Sokak –  Bölüm 34

0

Dönüşüm

.Biraz daha salata ister misin?

Ekrem Bey! Ekrem… Beni duyuyor musun? Dalıp gittin; bir şey mi oldu?

.Bizim Cahit’i hatırladın mı? Bugün Kadıköy’de dolaşırken onu gördüm. Kafam ona takıldı da…

.Hatırlamaz mıyım? Senin en has arkadaşın. Sonra yurt dışında bir yere yerleştiler aklımda kaldığına göre. Neye takıldın? Kötü bir şey mi var?

.Hayır, kötü bir şey yok. Ama büyük bir hayal kırıklığı var. Aklında doğru kalmış. Cahit’i çalıştığı şirket Arjantin’e göndermişti. Sonra da orada kendi işini kurdu. O dönem sık sık konuşurduk. Bayağı zorluk çekti. Sonra işleri açıldı. Zamanla da bizim telefon görüşmeleri seyrekleşti. Buraya iş için gelmiş. Antika bir parça arıyormuş.

.Peki, iyi de… Bunda can sıkacak, hayal kırıklığına uğratacak bir şey yok ki…

.Evet, yok.
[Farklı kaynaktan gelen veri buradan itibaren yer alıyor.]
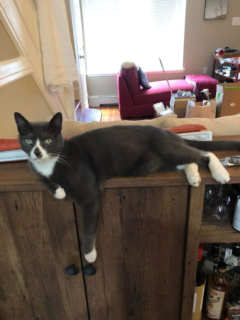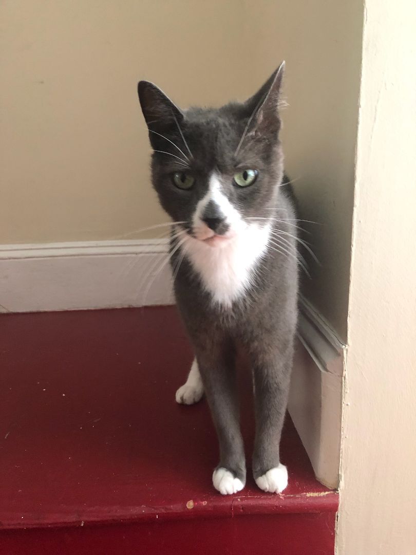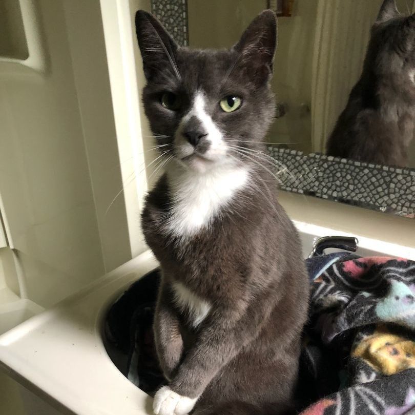 This handsome grey and white tuxedo is Manton, and hes ready for a home to call his own! Manton would definitely prefer a home withOUT other cats or dogs... he wants to be king of the castle! Manton is a total love bug who will tell you all about his day and who loves to lounge in the bathroom sink. Manton is 3-4 years old, neutered, vaccinated, microchipped, FiV/FeLv negative. Apply to adopt at charliesarmy.com/apply

Ama halini, konuşmasını bir görseydin o zaman anlardın. Şaşırmamak mümkün değil. Çok değişmiş. Durmadan anlatıyor. İki sözünden biri nasıl kazanmış, nasıl yaşıyor? Neyi var, neyi yok? Ayak üstü öğreniverdim hepsini. Benim can arkadaşım, beraber hayırlar yaptığımız Cahit, karşımdaki bu görgüsüz müydü? Uzun süre baktım yüzüne. Farkına bile varmadı. Yahu insan “Sen ne yapıyorsun, nasılsın?” diye bir kere sorar. 
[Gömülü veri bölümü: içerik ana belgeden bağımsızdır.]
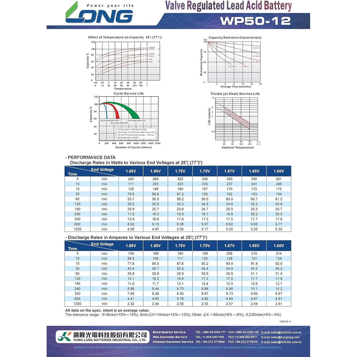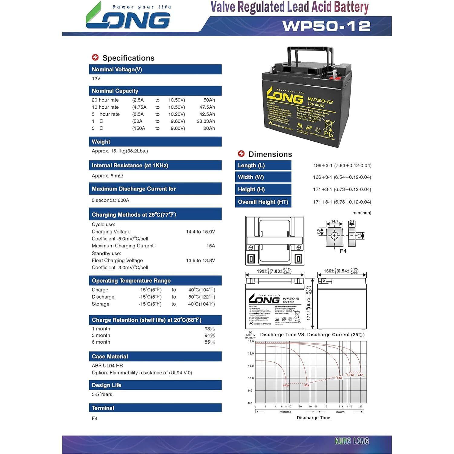 LONG 12V 50Ah 高性能 シールドバッテリー WP50-12 WP50-12

.Demek o da bir güç zehirlenmesi yaşıyor. Yazık, üzüldüm. Peki ailesinden bahsetti mi? 

.Bahsetmez mi? Çocukların okuduğu okullar, seyahatler… Anlayacağın hepsi bu zehirlenmeden nasibini almış.

.Desene beşeriyetin haz podyumuna bir aile daha çıkmış. Bunlar yaşanacak elbet. Fakat Cahit’e gerçekten üzüldüm. Eşi de ne kadar içten bir hanımdı. Yazık!…

Eşimin suskunluğu bana da geçti. Sofradakileri taşırken, etrafı toplarken aklım hep bu olumsuz değişimdeydi. Mutat “Kahve içer misin?” teklifini bile yapmadığımı neden sonra “Kahvemize ne oldu?” deyince fark ettim.

Bizim evde hava almak, içerisini havalandırmak için kar yağarken bile camı açma alışkanlığı var. Ne yazık ki birkaç gündür bundan mahrumuz. Çünkü üç bina ötemizde kentsel dönüşüm başladı. Camı açmak mümkün değil. Birkaç dakikada her yeri toz kaplıyor. Ya hava almak için onca toza bulanacağız ya da temizlik adına cam önünde boğulacağız. İkisi de bize göre değil. Lakin yapılacak bir şey yok. Bir müddet elde bez; sürekli toz almak durumundayız. Bir şeye canım sıkıldığında herhangi bir konuda tefekkür yolculuğuna çıkmak her zaman beni rahatlatıyor. Şu anda takıldığım konu da “toz”.

Gölcük depremi ve 1999’da yaşanılan acılar. Arkasından depremin izlerini silmek adına bir daha böyle acılar yaşanmasın diye geliştirilen projeler. Doğal afetlere dayanıklı yeni binaların oluşturulması; yani kentsel dönüşüm. Yıpranmışı yıkıp yerine sağlamını inşa etmek… Her yerde olduğu gibi İstanbul’da da başlayan yeni bir dönem. Neredeyse her sokakta kocaman sıra sıra kamyonlar, yıkılan binalar… Ve her yer toz, toprak içinde. 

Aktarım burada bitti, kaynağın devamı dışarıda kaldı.